* Work instruction *
Take nothing but the lines from the one with "Pretty Sleeveless Beading" through the one with "Блины с карамелью" in the entries below, both ends kept, and return them exactly with pictures left out.
**** Listed records
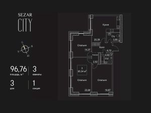 Продается 3-комнатная квартира в ЖК SEZAR CITY на 2 этаже. Общая площадь квартиры составляет 96,76 кв.м. Квартира без отделки. Срок сдачи — 2027 год.
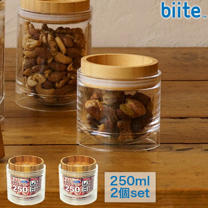 [2個セット] 重なるキャニスター 保存容器 250ml バンブー 円筒型 アクリル樹脂製 ガラスのようなキャニスター スタッキング 密封 保存容器 biite ビッテ
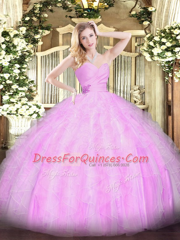 Pretty Sleeveless Beading and Ruffles Lace Up Quinceanera Gowns
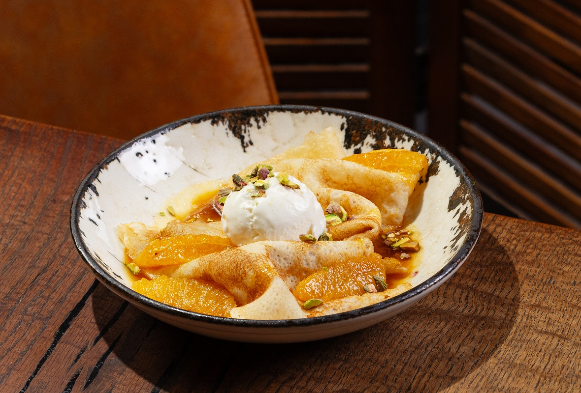 Блины с карамелью Сюзетт, дольками апельсина и шариком пломбира
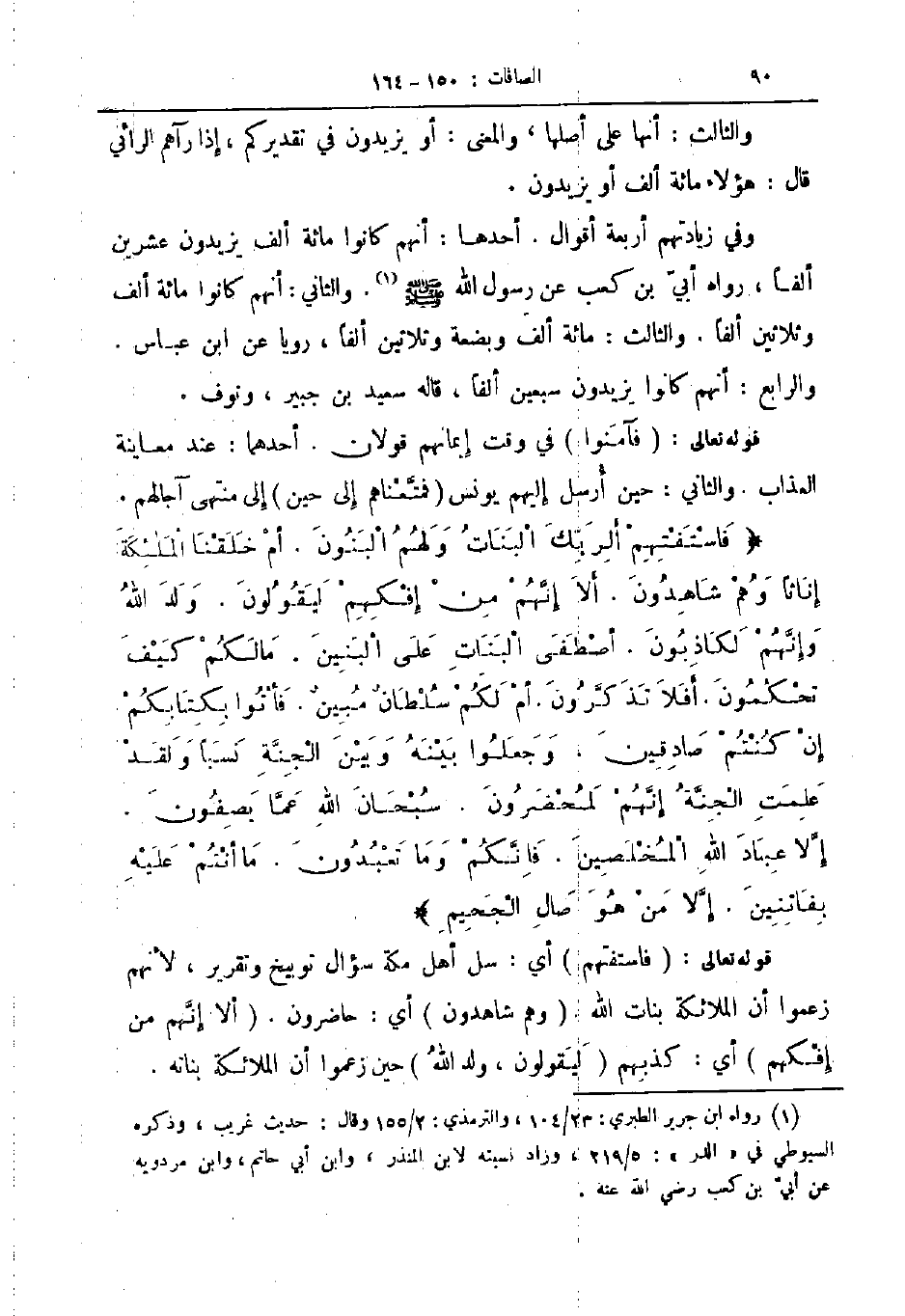 فاستفتهم ألربك البنات ولهم البنون أم خلقنا الملائكة إناثا وهم شاهدون ألا إنهم من إفكهم ليقولون ولد الله وإنهم لكاذبون أصطفى البنات على البنين ما لكم كيف تحكمون أفلا تذكرون أم لكم سلطان مبين فأتوا بكتابكم إن كنتم صادقين وجعلوا بينه وبين الجنة نسبا ولقد علمت الجنة إنهم لمحضرون سبحان الله عما يصفون إلا عباد الله المخلصين فإنكم وما تعبدون ما أنتم عليه بفاتنين إلا من هو صال الجحيم
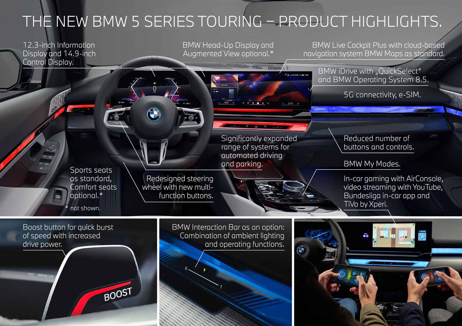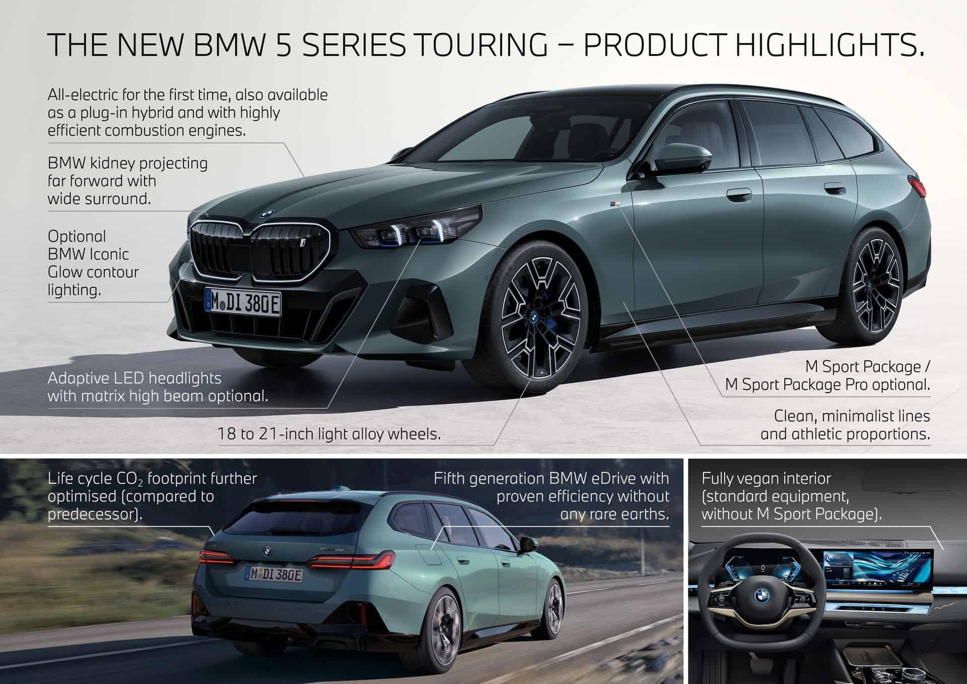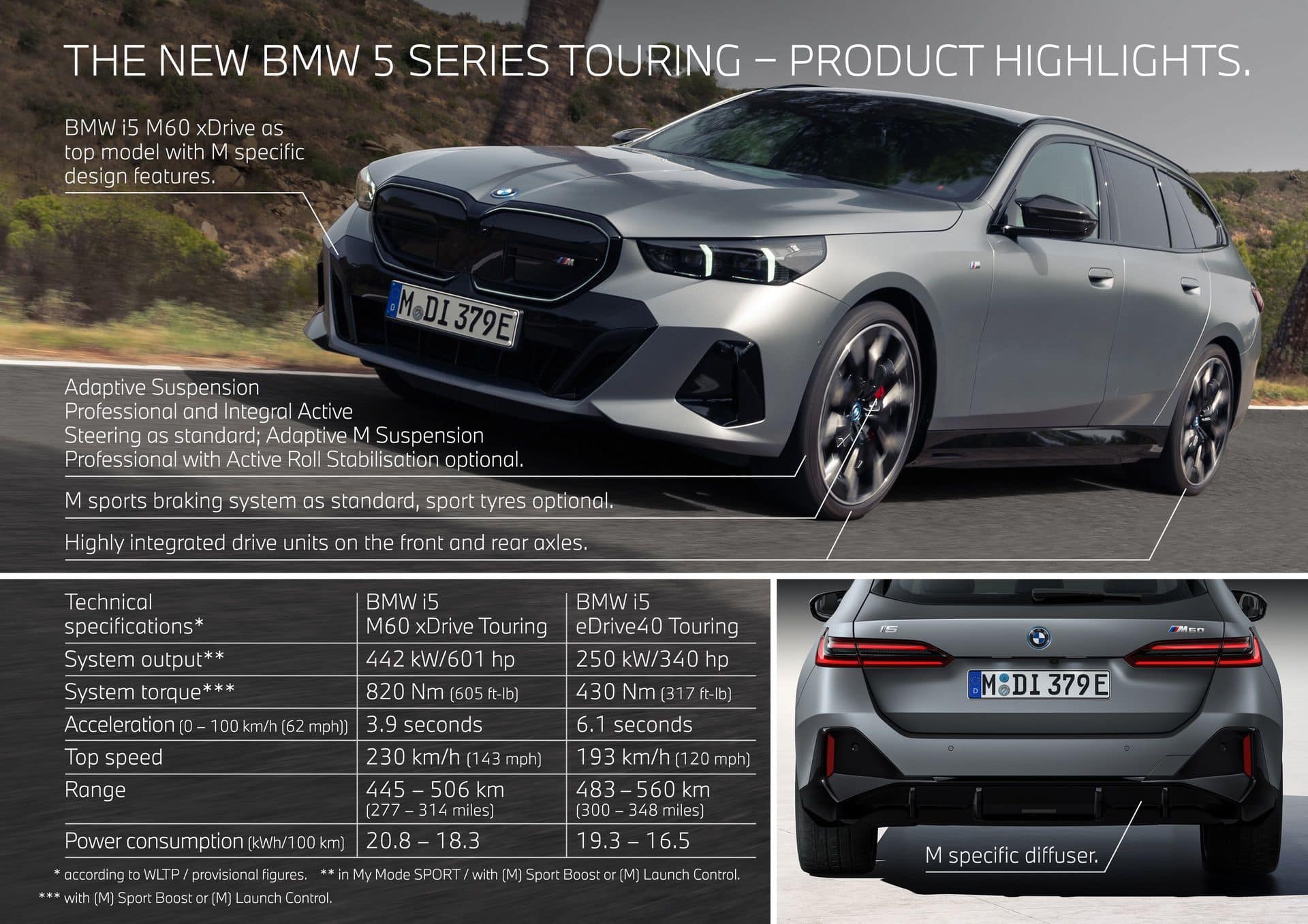 Both the i5 eDrive40 and i5 M60 xDrive will be available at the launch of the new 5 Series Touring, which will hit the European market in May. Additional regions will follow in June. Later in 2024, the M5 Touring (G99) will be added to the lineup with a plug-in hybrid V8 inherited from the XM.
********
* Exercise response *
 Pretty Sleeveless Beading and Ruffles Lace Up Quinceanera Gowns
 Блины с карамелью Сюзетт, дольками апельсина и шариком пломбира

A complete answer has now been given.